→ SOURCE MATERIAL:

--------------------------------------------------

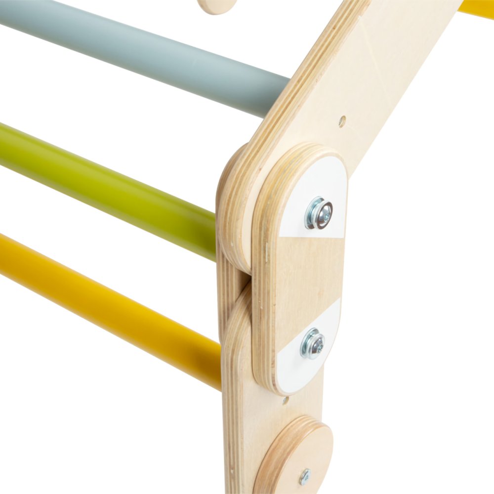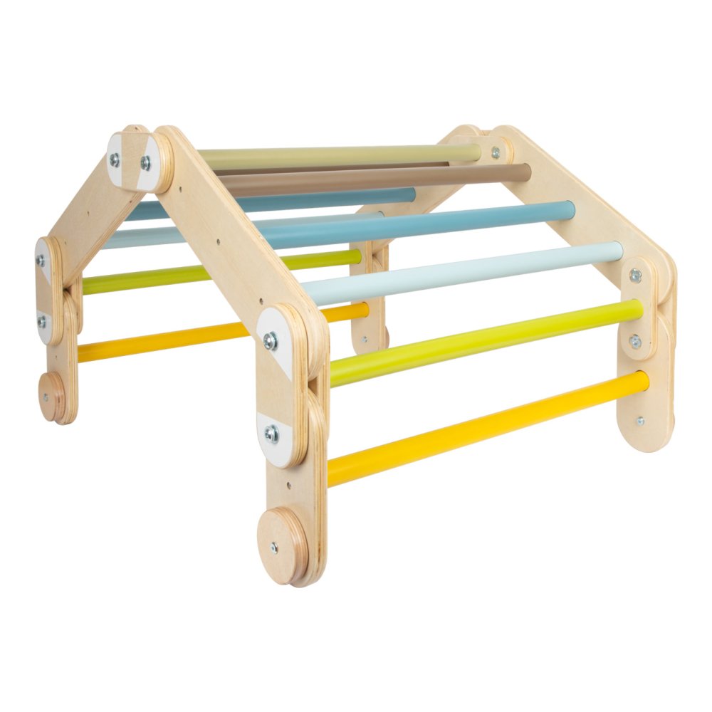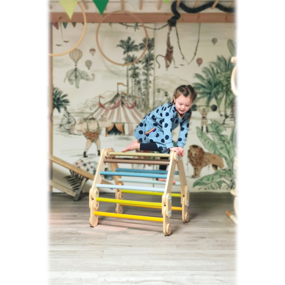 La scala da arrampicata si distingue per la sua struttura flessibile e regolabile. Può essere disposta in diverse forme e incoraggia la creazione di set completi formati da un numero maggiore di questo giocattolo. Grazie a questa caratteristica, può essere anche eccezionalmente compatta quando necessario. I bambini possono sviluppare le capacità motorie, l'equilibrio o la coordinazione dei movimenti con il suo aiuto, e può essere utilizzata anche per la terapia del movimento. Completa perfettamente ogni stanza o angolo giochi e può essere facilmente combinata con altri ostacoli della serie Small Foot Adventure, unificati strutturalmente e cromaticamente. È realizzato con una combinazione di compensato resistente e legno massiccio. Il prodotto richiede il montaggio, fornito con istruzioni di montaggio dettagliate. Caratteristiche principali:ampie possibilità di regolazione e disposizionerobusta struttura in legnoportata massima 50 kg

--------------------------------------------------

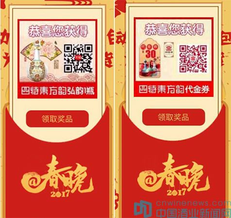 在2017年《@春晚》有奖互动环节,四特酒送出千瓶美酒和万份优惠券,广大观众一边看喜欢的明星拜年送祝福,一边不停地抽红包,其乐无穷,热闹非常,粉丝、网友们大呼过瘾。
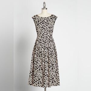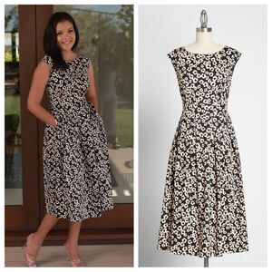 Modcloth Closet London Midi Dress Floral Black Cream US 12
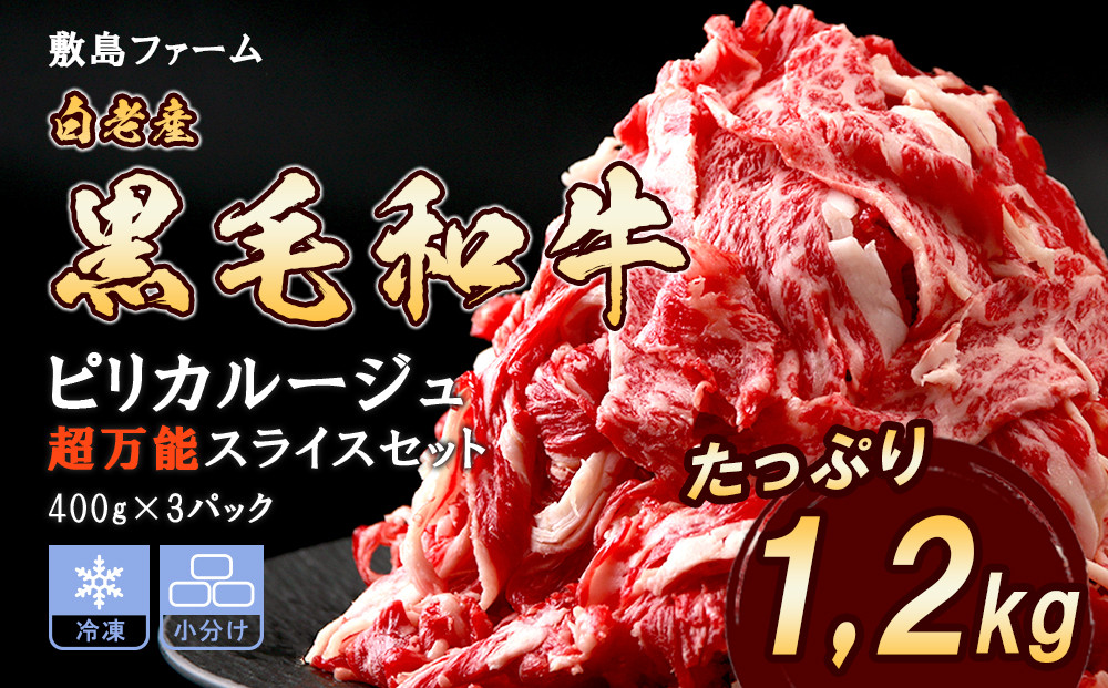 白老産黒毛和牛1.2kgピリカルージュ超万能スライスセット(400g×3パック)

--------------------------------------------------

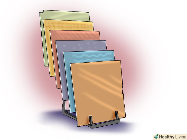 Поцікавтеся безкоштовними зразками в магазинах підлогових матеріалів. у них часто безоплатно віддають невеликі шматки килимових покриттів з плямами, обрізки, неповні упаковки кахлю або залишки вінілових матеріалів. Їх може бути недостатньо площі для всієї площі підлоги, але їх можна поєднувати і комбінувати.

--------------------------------------------------

Take the material above from the line containing "在2017年《@春晚》有奖互" up to and including the line containing "白老産黒毛和牛1.2kgピリ" and retype it exactly, without any pictures.

→ WRITTEN RESPONSE:
 在2017年《@春晚》有奖互动环节,四特酒送出千瓶美酒和万份优惠券,广大观众一边看喜欢的明星拜年送祝福,一边不停地抽红包,其乐无穷,热闹非常,粉丝、网友们大呼过瘾。
 Modcloth Closet London Midi Dress Floral Black Cream US 12
 白老産黒毛和牛1.2kgピリカルージュ超万能スライスセット(400g×3パック)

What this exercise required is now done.